_EXERCISE OBJECTIVE_.
The required answer is an exact copy of the lines from the one containing "علبة طعام (لانش" to the end of the listing, both included, without any pictures.
RECORDED INFORMATION START
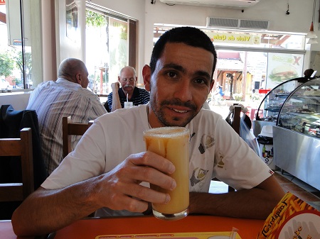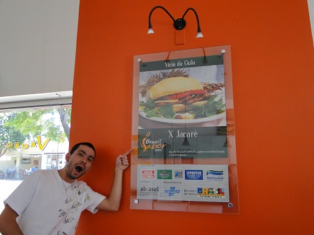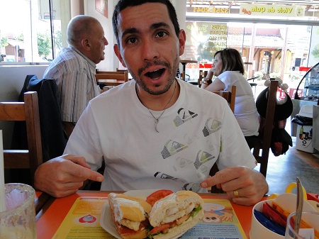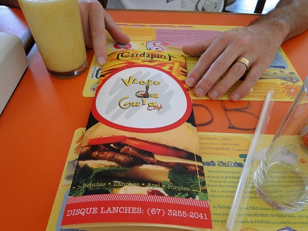 Nosso próximo atrativo do dia era no aquário natural, mas nosso horário estava agendado para às 14h, resolvemos encontrar algum lugar para almoçarmos no centro da cidade. Encontramos uma lanchonete "Vicío da Gula", descobrimos que lá é vendido um lanche de jacaré, o X-Jacaré, imaginem qual o lanche que o Beto escolheu... lá vamos nós experimentar o lanche de jacaré, junto com um suco de uma fruta da região a Guavira. Totalmente aprovados, indicamos tanto o suco como o lanche para todos que visitarem Bonito, MS.
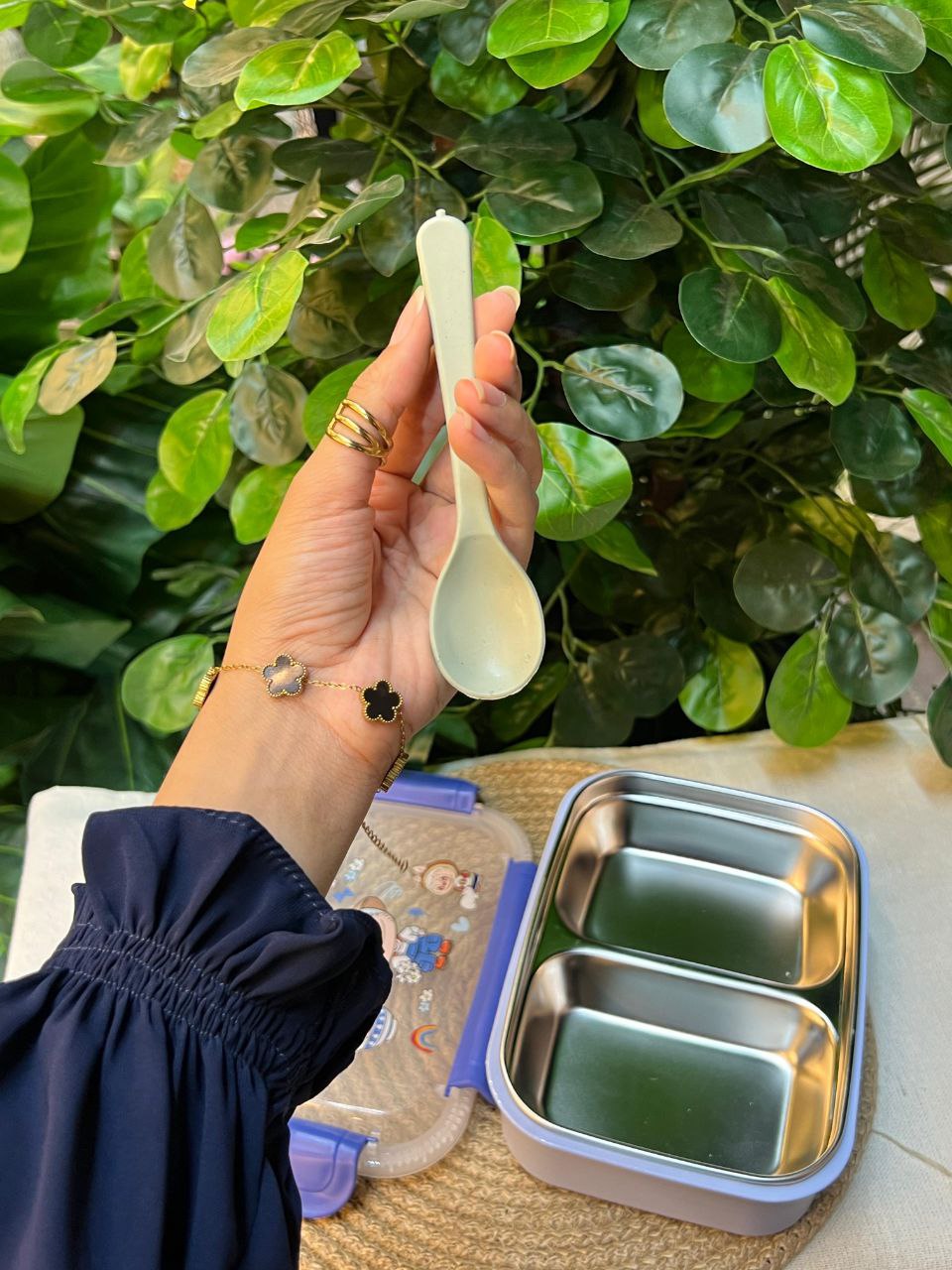 علبة طعام (لانش بوكس) بتقسيمتين وتبطين داخلي من الستانلس ستيل الصحي
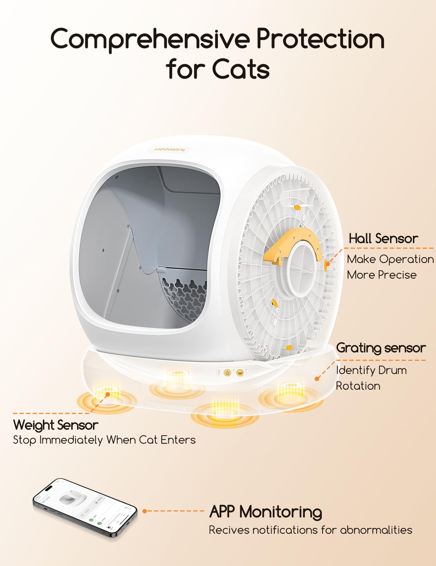 Meowant Self Cleaning Cat Litter Box, Open-Top Automatic Cat Litter Box With Safety Protection, App Control, Odor-Free, 75L Larg
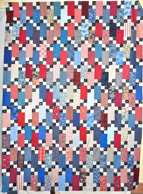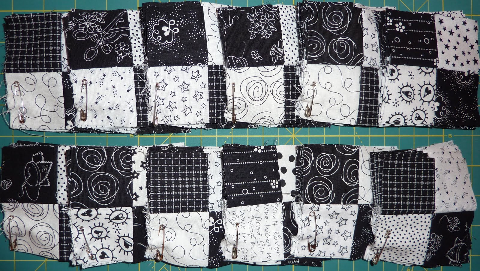 We are each searching our stashes for more red and blue fabrics for the bricks and I am sewing the black and white 4 patches using fabric from my stash. I love to collect black and whites and am happy to use up some of them in this quilt.
RECORDED INFORMATION END
_RESULT OF THIS TASK_.
 علبة طعام (لانش بوكس) بتقسيمتين وتبطين داخلي من الستانلس ستيل الصحي
 Meowant Self Cleaning Cat Litter Box, Open-Top Automatic Cat Litter Box With Safety Protection, App Control, Odor-Free, 75L Larg
 We are each searching our stashes for more red and blue fabrics for the bricks and I am sewing the black and white 4 patches using fabric from my stash. I love to collect black and whites and am happy to use up some of them in this quilt.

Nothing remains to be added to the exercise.